Live album by Armored Saint
- Released: August 19, 1988
- Genre: Heavy metal
- Length: 31:39
- Label: Metal Blade

Armored Saint chronology
| Raising Fear (1987) | Saints Will Conquer (1988) | Symbol of Salvation (1991) |

= Saints Will Conquer =

Saints Will Conquer is the first live album by American heavy metal band Armored Saint recorded during the Raising Fear tour. It was recorded on October 9, 1987, at the Agora Ballroom in Cleveland and released on August 19, 1988, on Metal Blade Records.
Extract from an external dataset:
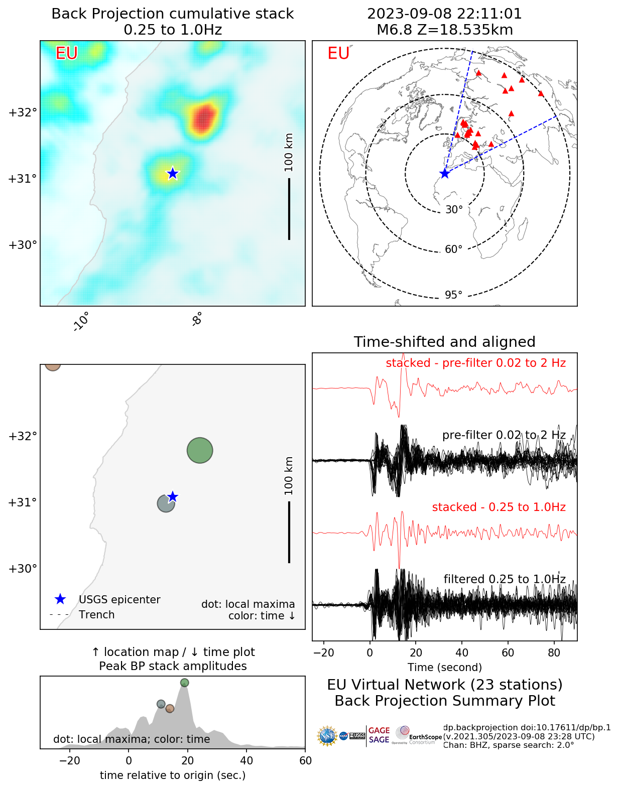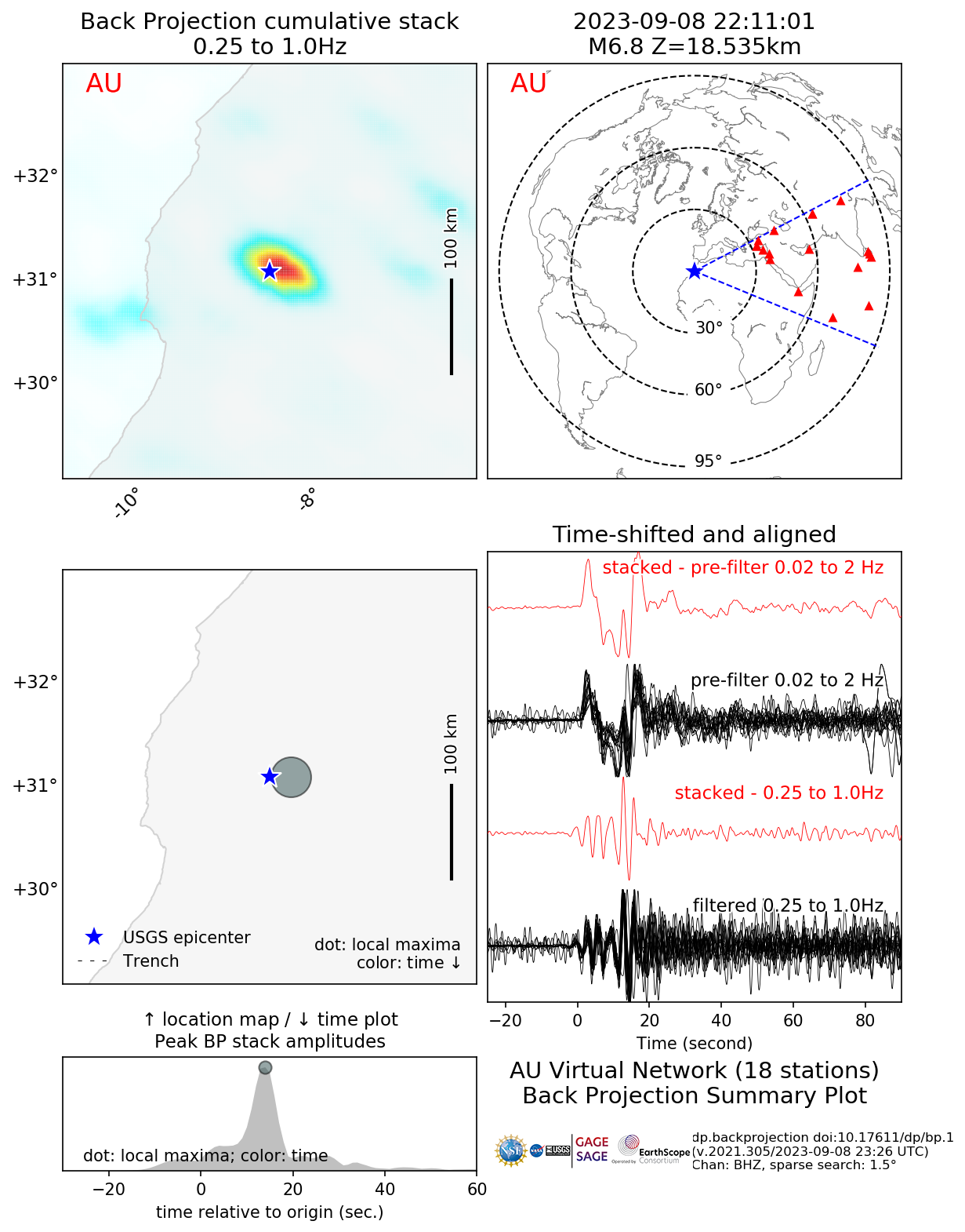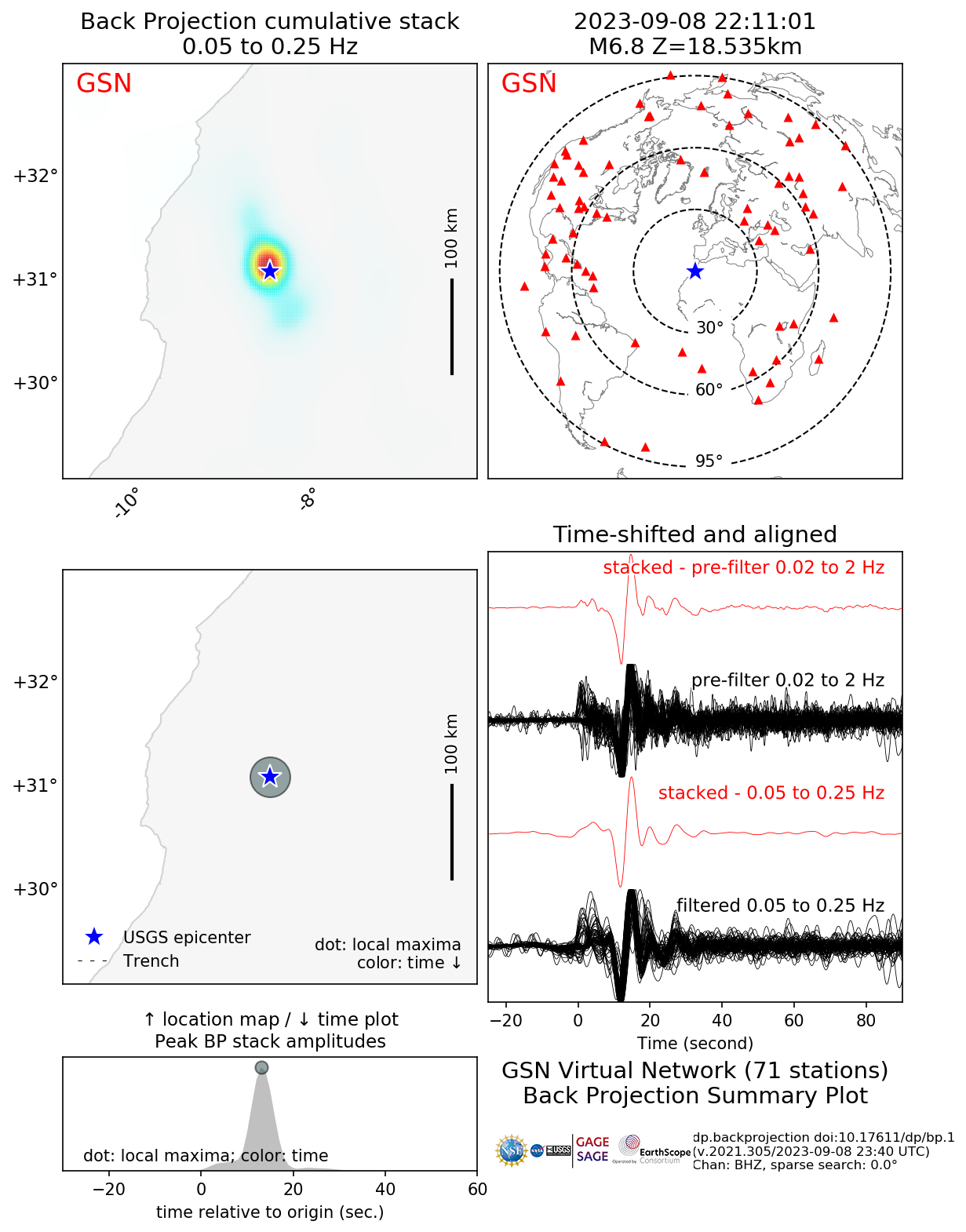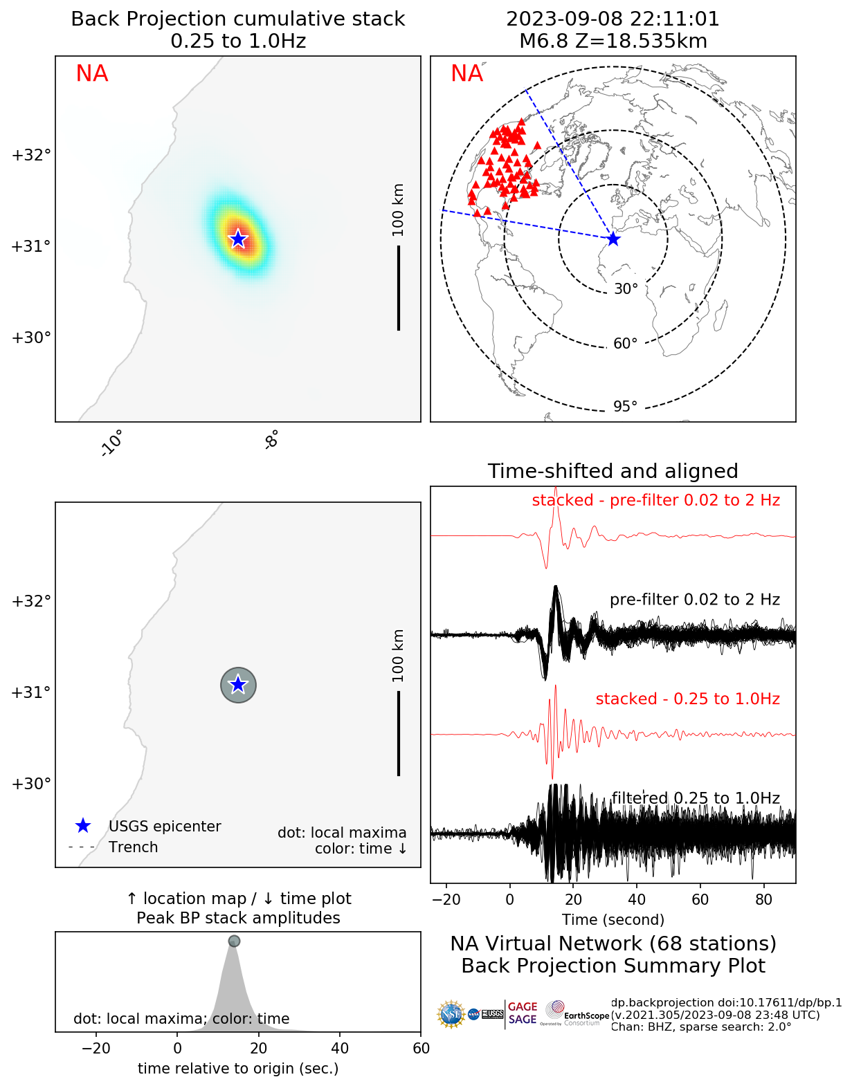 The Back Projection (BP) product shows the beamformed time history and location of coherent short period P-wave energy generated by large earthquakes observed at three regional arrays and across the Global Seismic Network. These are automatically generated following all global M6.5+ earthquakes. Virtual networks are formed by choosing stations within 25 degrees distance or azimuth to the center of three continents (NAmerica, EUrope, AUstralia). All available BHZ data are then aligned using a Multi-Channel Cross Correlation scheme which also downsamples the network by only choosing the stations with the highest average cross-correlation coefficient and at least one degree distance to it's nearest neighboring stations. BPs are performed by beam forming energy using square-root stacking to a flat grid around the source region with variable spatial resolution scaled by the magnitude of the earthquake. A 5 s wide cosine taper is used to average the beams. BP results are then averaged over time windows whose length increases with magnitude. The upper gallery shows a movie of the combined BPs from all networks with sufficient data. The array response function is also shown which is generated using the same processing techniques and stations, except the raw data are replaced with synthetic seismograms with 5 s wide point-source triangle functions. The first and last frames show cumulative time integrated results. Results are affected by radiation pattern, Greens functions variations and array geometry. Warmer colors indicate greater beam power. A small cross shows the location of the peak beam power when absolute beam powers are low. The lower gallery shows a summary figure for each array's BP as well as the individual array movie. In the summary figure, the lower left panel shows the time and location of local maxima. The colors correspond to relative time and the diameter to relative beam power. The other panels show the time-integrated results, the source-receiver geometry, and the MCCC aligned traces. At the bottom of the page, text files with peak beam power (and their Lat/Lon location) as a function of time relative to origin are given for both the data and the synthetic ARF. For more information on Back Projections visit the Backprojection product page. |

This short live set does not represent the first era of the band well, missing songs like fan favorite "March of the Saint" and their radio hit "Isolation". The album features a previously unreleased studio version of "No Reason to Live" from their first demo from 1983.

Professional ratings
Review scores
| Source | Rating |
| AllMusic | Star Half star |

== Track listing ==

All tracks written by Armored Saint, except where noted.

Normal version
| No. | Title | Lyrics | Music | Length |
|---|---|---|---|---|
| 1. | "Raising Fear" |  |  | 3:32 |
| 2. | "Nervous Man" | Bush | Vera, Prichard | 3:34 |
| 3. | "Chemical Euphoria" |  |  | 4:11 |
| 4. | "Book of Blood" |  |  | 4:46 |
| 5. | "Can U Deliver" |  |  | 4:32 |
| 6. | "Long Before I Die" | Bush | Vera | 2:42 |
| 7. | "Madhouse" |  |  | 4:21 |
| 8. | "No Reason to Live" (studio track) | Armored Saint including Phil Sandoval | Armored Saint including Phil Sandoval | 4:01 |
| Total length: |  |  |  | 31:39 |

2009 Australian tour compilation
| No. | Title | Lyrics | Music | Length |
|---|---|---|---|---|
| 1. | "March of the Saint" (2001 version) | Armored Saint including Phil Sandoval | Armored Saint including Phil Sandoval | 3:55 |
| 2. | "Reign of Fire" (from the original album Symbol of Salvation) | Bush | Prichard | 3:57 |
| 3. | "Last Train Home" (from the original album Symbol of Salvation) | Bush | Duncan | 5:19 |
| 4. | "Tribal Dance" (from the original album Symbol of Salvation) | Bush | Prichard, Vera, G. Sandoval | 4:07 |
| 5. | "Symbol of Salvation" (from the original album Symbol of Salvation) | Bush, G. Sandoval | Duncan, Vera | 4:36 |
| 6. | "Hanging Judge" (from the original album Symbol of Salvation) | Bush | Prichard | 3:45 |
| 7. | "The Pillar" (from the original album Revelation) | Vera, Bush | Vera, Bush | 4:58 |
| 8. | "After Me, the Flood" (from the original album Revelation) | Vera, Bush | Vera, Bush | 5:07 |
| 9. | "Nervous Man" | Bush | Vera, Prichard | 3:33 |
| 10. | "Chemical Euphoria" |  |  | 4:10 |
| 11. | "Long Before I Die" | Bush | Vera | 2:42 |
| 12. | "Can U Deliver" |  |  | 4:32 |
| 13. | "Madhouse" |  |  | 4:20 |
| Total length: |  |  |  | 55:01 |

== Credits ==

- John Bush – vocals
- Dave Prichard – guitar (tracks 1–8 and 9–13 of the 2009 compilation)
- Joey Vera – bass
- Gonzo Sandoval – drums
- Phil Sandoval – guitar (tracks 1–8 of the 2009 compilation)
- Jeff Duncan – guitar (tracks 1–8 of the 2009 compilation)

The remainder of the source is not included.